(Stored data)
#####

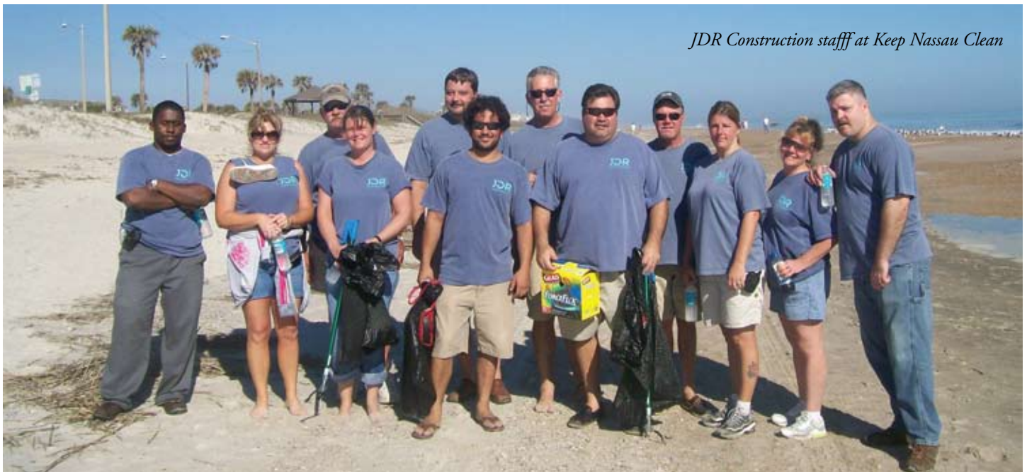
JDR Construction staff at Keep Nassau Clean
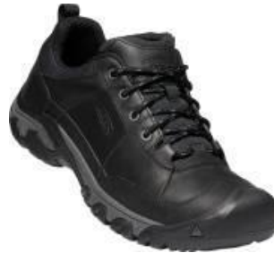
Men's 1022512 Black/Magnet
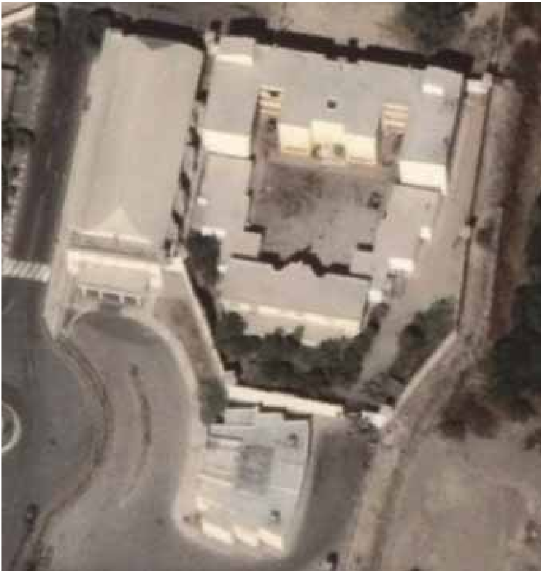
Satellite Imagery: Al-Azoly prison building in al-Galaa Military Base, October 12, 2017.
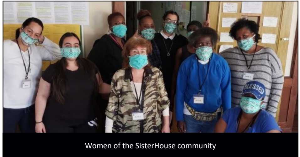
Women of the SisterHouse community

structured life skill program and additional supportive housing units, we have kept our clients safely housed, in treatment and working towards their goal of self-sufficiency.
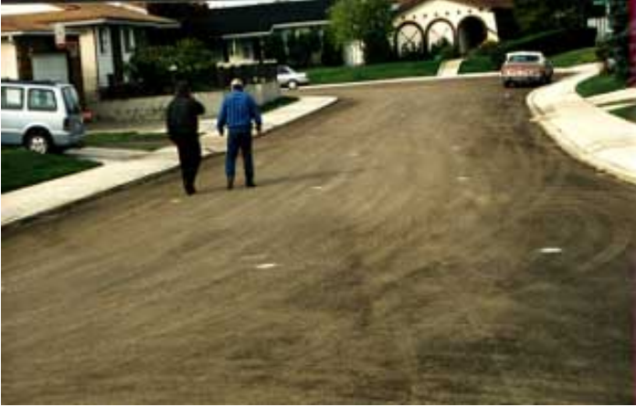
Residential Street - City of Edmonton - Alberta 200mm asphalt milled with 175mm heavy clay. CON-AID/CBR PLUS stabilized the full layer. 80mm Asphalt layer was placed onto the treated layer.
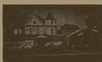
Hillier Funeral Home

BRYAN, TEXAS 502 West 26th St. PHONE TA 2-1572
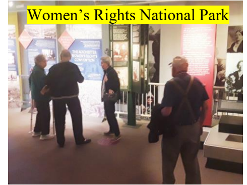
Women's Rights National Park
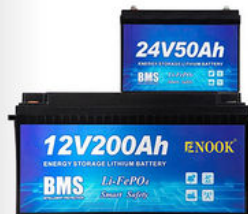
12V & 24V SERIES ENERGY STORAGE LITHIUM BATTERY
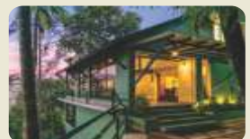
stay at VYTHRI
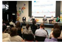
▶ FIRST EDITION OF ERASMUS+ ALUMNI CROSSROADS, IN CHISINAU
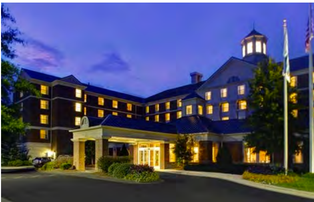
Above: Marriott Courtyard - Chapel Hill, NC Owned & Managed by Winston Hospitality
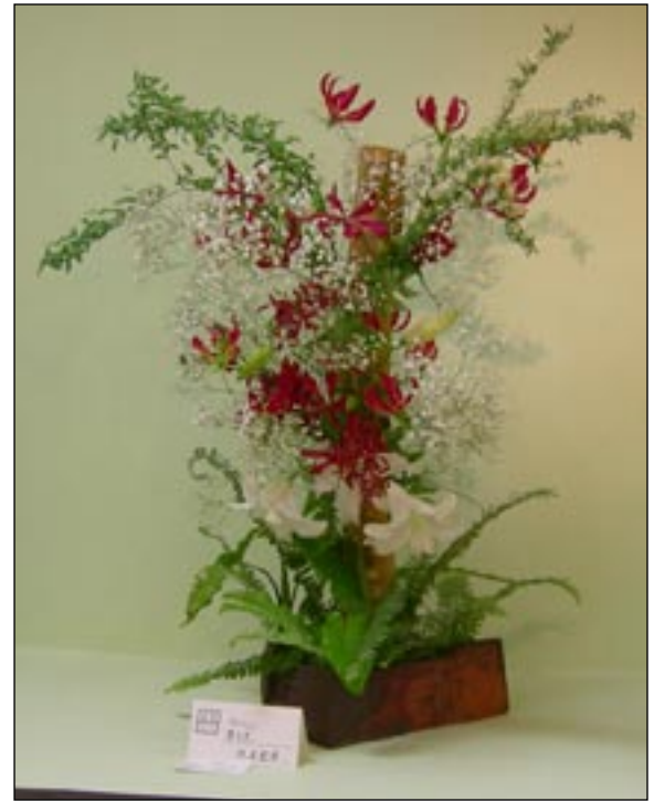
some of the arrangements
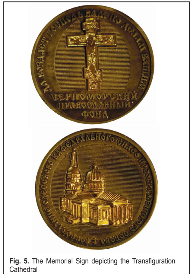
Fig. 5. The Memorial Sign depicting the Transfiguration Cathedral
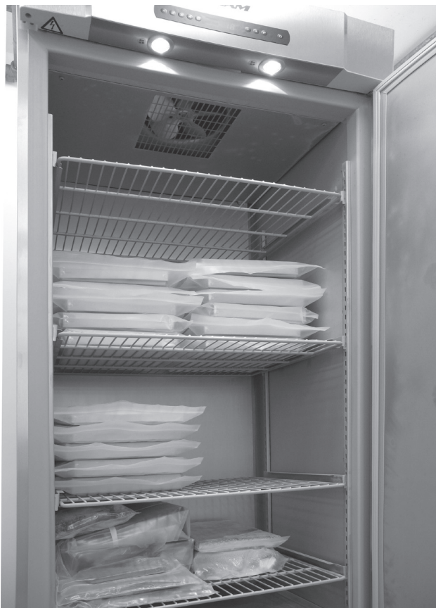
[Figure 1.3.] Image from the Archive Space exhibition, curated by Dr. Jane Birkin.

question later, in the context of issues of infrastructure as well as obsolete hibernated stocks of technological culture that seem to form the other environmental context of remain(s).
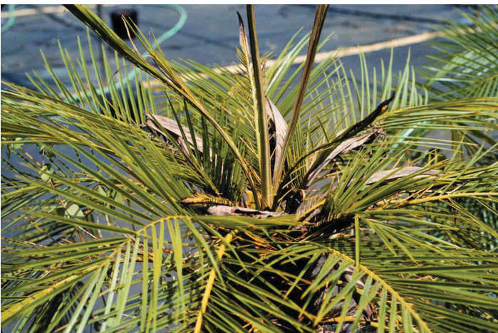
Figure 7. Boron-deficient pygmy date palm showing multiple unopened spear leaves

Pygmy date palms are relatively resistant to diseases, but two diseases are fairly common in this species. Ganoderma butt rot, a soil-borne fungal disease caused by Ganoderma zonatum , causes decay in the bottom couple of feet of
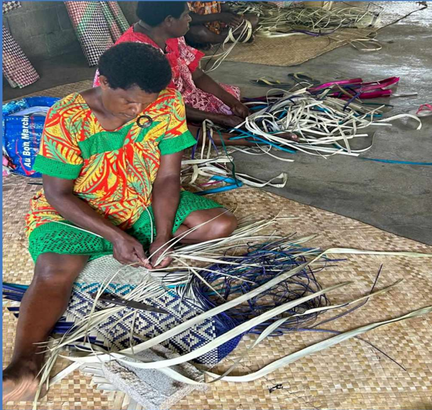
Image 8: A Maskelyne handicraft producer weaving a mat using well prepared pandanus leaves painted with Teri Dye
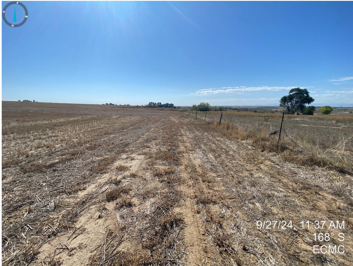
Photo 1. Undesirable vegetation previously observed along the access road appears to have been managed for.

#####

▸ PROBLEM DESCRIPTION
Give the data above again, exactly and completely. No pictures go in.

▸ RESULT OF THE TASK
JDR Construction staff at Keep Nassau Clean
Men's 1022512 Black/Magnet
Satellite Imagery: Al-Azoly prison building in al-Galaa Military Base, October 12, 2017.
Women of the SisterHouse community

structured life skill program and additional supportive housing units, we have kept our clients safely housed, in treatment and working towards their goal of self-sufficiency.
Residential Street - City of Edmonton - Alberta 200mm asphalt milled with 175mm heavy clay. CON-AID/CBR PLUS stabilized the full layer. 80mm Asphalt layer was placed onto the treated layer.
Hillier Funeral Home

BRYAN, TEXAS 502 West 26th St. PHONE TA 2-1572
Women's Rights National Park
12V & 24V SERIES ENERGY STORAGE LITHIUM BATTERY
stay at VYTHRI
▶ FIRST EDITION OF ERASMUS+ ALUMNI CROSSROADS, IN CHISINAU
Above: Marriott Courtyard - Chapel Hill, NC Owned & Managed by Winston Hospitality
some of the arrangements
Fig. 5. The Memorial Sign depicting the Transfiguration Cathedral
[Figure 1.3.] Image from the Archive Space exhibition, curated by Dr. Jane Birkin.

question later, in the context of issues of infrastructure as well as obsolete hibernated stocks of technological culture that seem to form the other environmental context of remain(s).
Figure 7. Boron-deficient pygmy date palm showing multiple unopened spear leaves

Pygmy date palms are relatively resistant to diseases, but two diseases are fairly common in this species. Ganoderma butt rot, a soil-borne fungal disease caused by Ganoderma zonatum , causes decay in the bottom couple of feet of
Image 8: A Maskelyne handicraft producer weaving a mat using well prepared pandanus leaves painted with Teri Dye
Photo 1. Undesirable vegetation previously observed along the access road appears to have been managed for.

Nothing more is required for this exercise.